Ads

Antara Warisan Jokowi, Beban Prabowo, dan Tuntutan Rakyat (Bagian 4)

 

Efisiensi yang Membunuh Harapan



Kata kunci kemarahan rakyat hari ini adalah efisiensi. Namun, efisiensi yang diterapkan pemerintah justru terasa sebagai penghematan buta yang tidak manusiawi. Kebijakan menaikkan PBB hingga 250% di Pati menjadi simbol nyata bagaimana rakyat dicekik tanpa ampun. Mereka yang sudah hidup dalam kesulitan semakin kehilangan ruang bernafas. Tidak heran jika gelombang protes pun terjadi, hingga akhirnya Prabowo sendiri turun tangan membatalkan keputusan tersebut.

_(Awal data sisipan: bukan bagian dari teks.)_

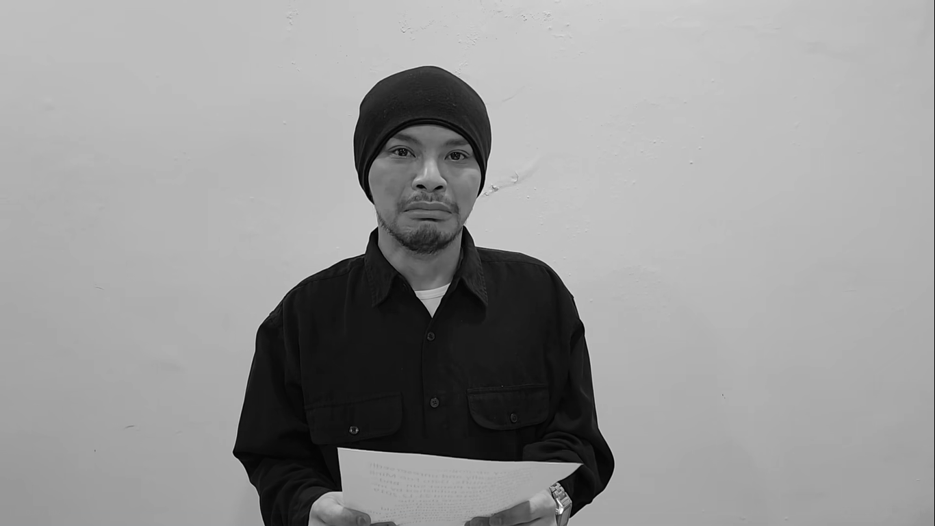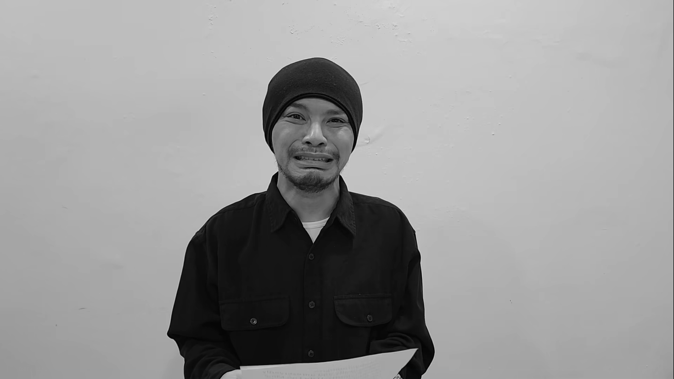 黄明志手拿稿纸,口操英文隔空道歉,并开始大声抽泣。

Tetapi, apakah masalah selesai dengan pembatalan itu? Tidak. Sebab rakyat mulai sadar bahwa kejadian di Pati hanyalah satu fragmen dari pola besar kebijakan pemerintah yang kerap memilih jalan pintas. Jalan pintas itu sering kali mengorbankan kepentingan rakyat kecil demi alasan efisiensi yang semu. Rakyat pun semakin meyakini bahwa keadilan sosial semakin menjauh dari genggaman mereka.

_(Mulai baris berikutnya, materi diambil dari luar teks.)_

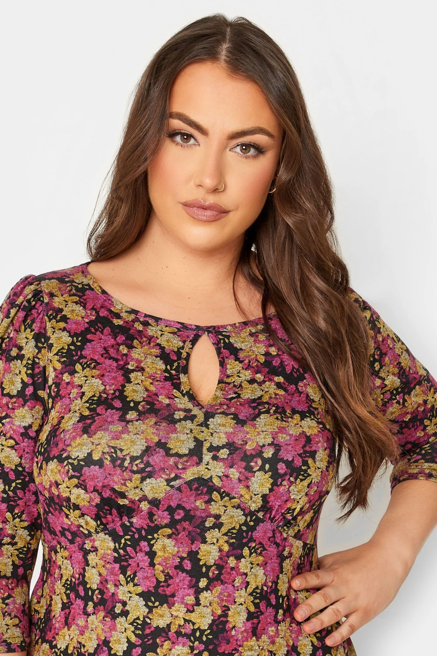 - Le mannequin mesure 5’10.5″/178cm et porte du UK 16/EU 44

Bukankah lebih masuk akal jika efisiensi dimulai dari atas? Potonglah tunjangan DPR, kurangi fasilitas mewah menteri, dan hentikan pengadaan mobil dinas. Namun yang terjadi justru sebaliknya: DPR malah mendapatkan tunjangan rumah Rp50 juta per bulan. Saat rakyat berjuang keras hanya untuk sekadar membeli beras, wakil rakyat mereka bersenang-senang di rumah kontrakan mewah Menteng. Pemandangan inilah yang menyalakan api kemarahan rakyat semakin membara.

Ketidakadilan itu bukan sekadar angka, melainkan luka yang dipertontonkan di ruang publik. Rakyat yang dipaksa mengencangkan ikat pinggang menyaksikan elit politiknya hidup dalam kenyamanan luar biasa. Jurang yang semakin lebar ini menjadi racun bagi rasa kebersamaan sebagai bangsa. Efisiensi yang semestinya memperkuat negara justru berubah menjadi alat penindasan terselubung. Dari sinilah lahir rasa tidak percaya terhadap pemerintah dan wakil rakyat.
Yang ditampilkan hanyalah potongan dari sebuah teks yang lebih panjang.